# Perceiver

Perceiver is a transformer-based model that uses both cross attention and self-attention layers to generate representations of multimodal data. A latent array is used to extract information from the input byte array using top-down or feedback processing i.e. attention to a byte array is controlled by the latent array which already has information about the byte array from the previous layer.


# Code

## Installation

A PyTorch implementation of the model was made available by authors. We can directly install this implementation from pip using the following command.

In [None]:
!python -m pip install pip --upgrade --user -q --no-warn-script-location
!python -m pip install numpy pandas seaborn matplotlib scipy statsmodels sklearn nltk gensim perceiver-pytorch torch tensorflow keras --user -q --no-warn-script-location

import IPython
IPython.Application.instance().kernel.do_shutdown(True)

## Data Loading

Let’s use the CIFAR10 image dataset for training the model. Following is the boilerplate code for loading the data. The code mentioned below, is referenced to official pytorch tutorial.

In [None]:
import torch
import torchvision
import torchvision.transforms as transforms
transform = transforms.Compose(
    [transforms.ToTensor(),
     transforms.Normalize((0.5, 0.5, 0.5), (0.5, 0.5, 0.5))])

trainset = torchvision.datasets.CIFAR10(root='./data', train=True,
                                        download=True, transform=transform)
trainloader = torch.utils.data.DataLoader(trainset, batch_size=4,
                                          shuffle=True, num_workers=2)

testset = torchvision.datasets.CIFAR10(root='./data', train=False,
                                       download=True, transform=transform)
testloader = torch.utils.data.DataLoader(testset, batch_size=4,
                                         shuffle=False, num_workers=2)

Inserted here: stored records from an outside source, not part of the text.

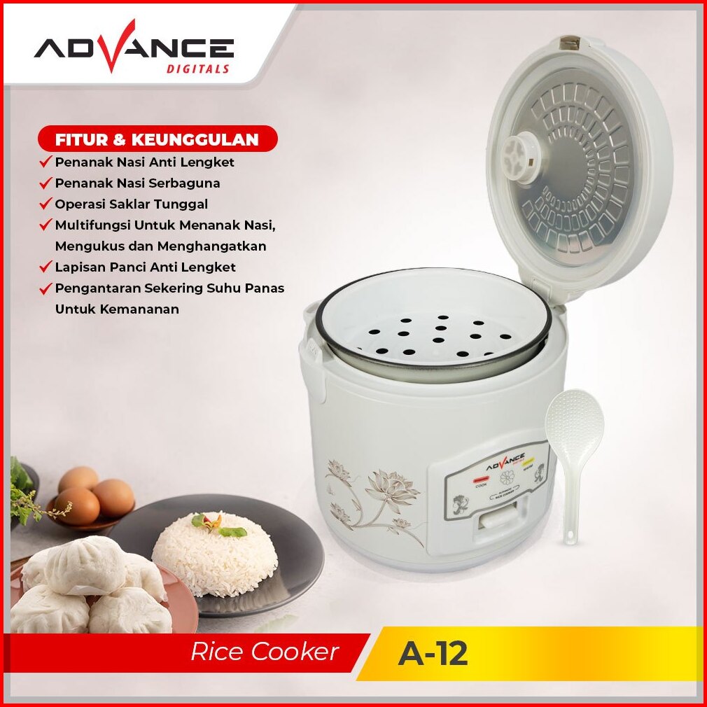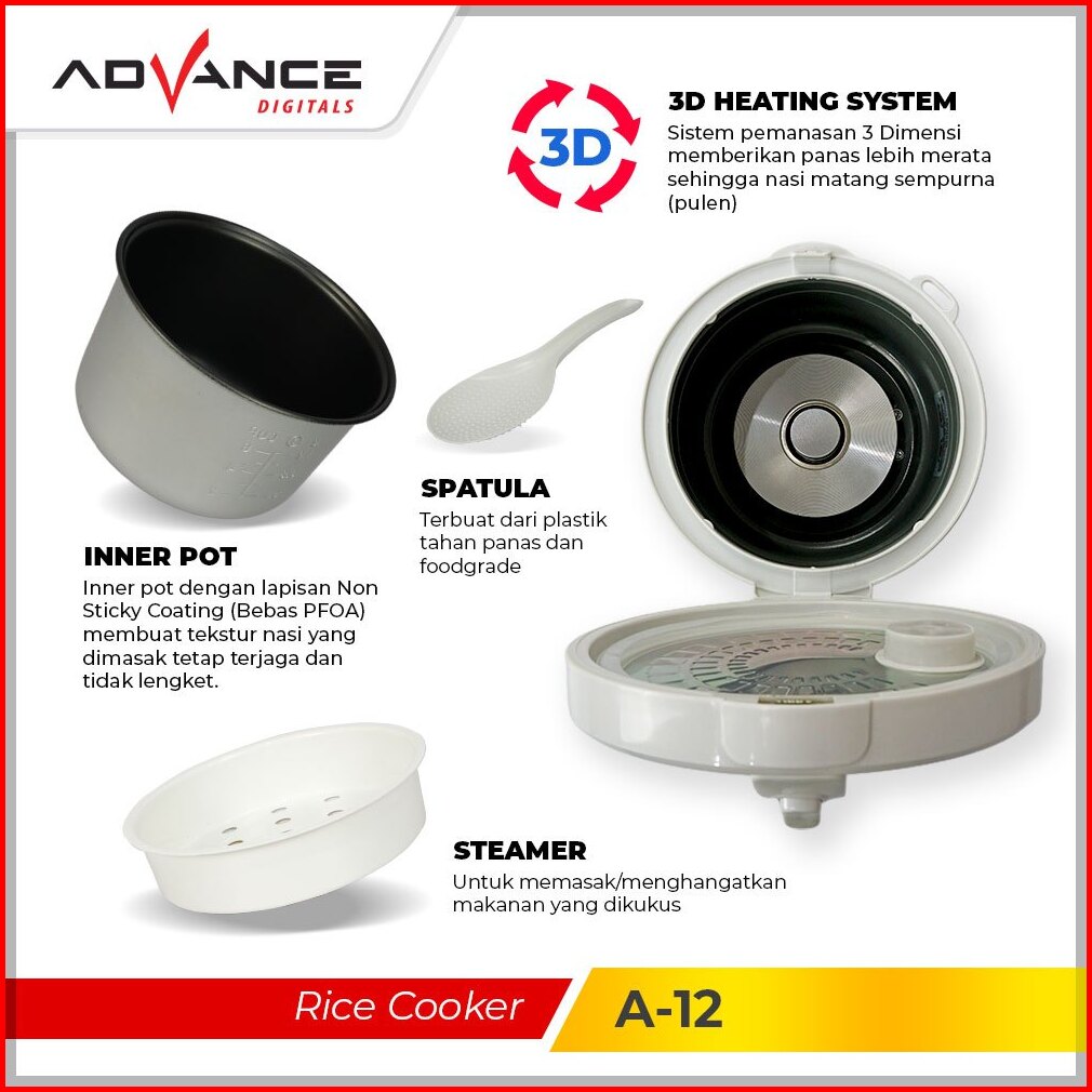 Rice Cooker Mini Advance A12 1.2 Liter Penanak Nasi Serbaguna 3 In 1 Anti Lengket Magic Com Garansi 1 Tahun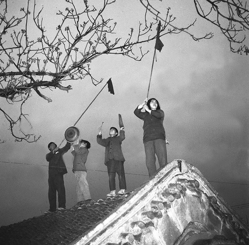1958年4月19日,北京大规模全面围剿“四害”之一的麻雀。另三害是苍蝇、蚊子、老鼠,麻雀是益鸟,当年被“冤枉”了,后来逐渐被“平反”,而先后以臭虫、蟑螂代替。这是北京市民在夜间上房顶轰赶麻雀(新华社稿)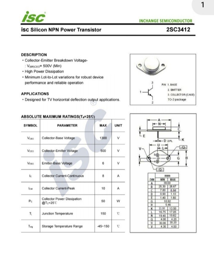 ترانزیستور قابلمه ای 500v/8A 50W C3412 اوریجینال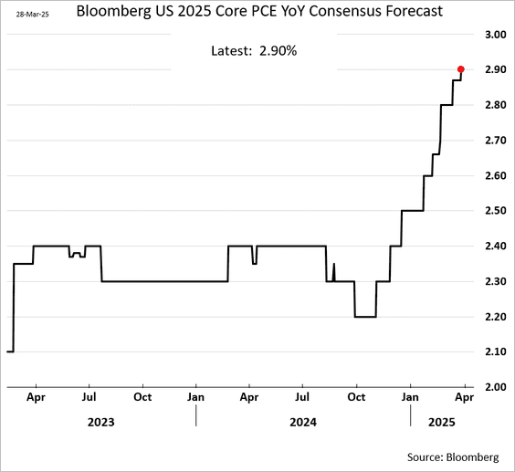 20) Economists once again increased their estimates for inflation this year:

classes = ('plane', 'car', 'bird', 'cat',
           'deer', 'dog', 'frog', 'horse', 'ship', 'truck')

In [None]:
import matplotlib.pyplot as plt
import numpy as np

# functions to show an image


def imshow(img):
    print(img.shape)
    img = img / 2 + 0.5     # unnormalize
    npimg = img.numpy()
    plt.imshow(np.transpose(npimg, (1, 2, 0)))
    plt.show()


# get some random training images
dataiter = iter(trainloader)
images, labels = dataiter.next()
print(images.shape)
# show images
imshow(torchvision.utils.make_grid(images))
# print labels
print(' '.join('%5s' % classes[labels[j]] for j in range(4)))

## Model

Model architecture can be loaded using.

In [None]:
import torch
from perceiver_pytorch import Perceiver

model = Perceiver(
    input_channels = 3,          # number of channels for each token of the input
    input_axis = 2,              # number of axis for input data (2 for images, 3 for video)
    num_freq_bands = 6,          # number of freq bands, with original value (2 * K + 1)
    max_freq = 10.,              # maximum frequency, hyperparameter depending on how fine the data is
    depth = 6,                   # depth of net
    num_latents = 32,           # number of latents, or induced set points, or centroids. different papers giving it different names
    latent_dim = 128,            # latent dimension
    cross_heads = 1,             # number of heads for cross attention. paper said 1
    latent_heads = 2,            # number of heads for latent self attention, 8
    cross_dim_head = 8,
    latent_dim_head = 8,
    num_classes = 10,          # output number of classes
    attn_dropout = 0.,
    ff_dropout = 0.,
    weight_tie_layers = False    # whether to weight tie layers (optional, as indicated in the diagram)
)


## Training Loop

In [None]:
import torch.optim as optim

criterion = torch.nn.CrossEntropyLoss()
optimizer = optim.SGD(model.parameters(), lr=0.001, momentum=0.9)

In [None]:
dev=torch.device("cpu")
model.to(dev)

In [None]:
for epoch in range(2):  # loop over the dataset multiple times

    running_loss = 0.0
    for i, data in enumerate(trainloader, 0):
        # get the inputs; data is a list of [inputs, labels]
        inputs, labels = data
        inputs, labels = inputs.to(dev), labels.to(dev)
        # zero the parameter gradients
        optimizer.zero_grad()
        
        # forward + backward + optimize
        outputs = model(inputs.permute(0,2,3,1))
        loss = criterion(outputs, labels)
        loss.backward()
        optimizer.step()

        # print statistics
        running_loss += loss.item()
        if i % 1000 == 0:    # print every 1000 mini-batches
            print('[%d, %5d] loss: %.3f' %
                  (epoch + 1, i + 1, running_loss / 1000))
            running_loss = 0.0

print('Finished Training')

In [None]:
inp=inputs[0].permute(1,2,0).unsqueeze(0)
inp=inp.to(dev)
inp.shape

In [None]:
plt.imshow(images.permute(0,2,3,1)[0])

In [None]:
preds=model(inp)
preds=preds.detach().cpu().numpy()

In [None]:
preds[0]

In [None]:
classes[np.argmax(preds[0])]

## Inference

In [None]:
def predict(inputs):
  preds=model(inputs)
  preds=preds.detach().cpu().numpy()
  labels=[classes[np.argmax(i)] for i in preds]
  return labels
predict(inputs.permute(0,2,3,1).to(dev))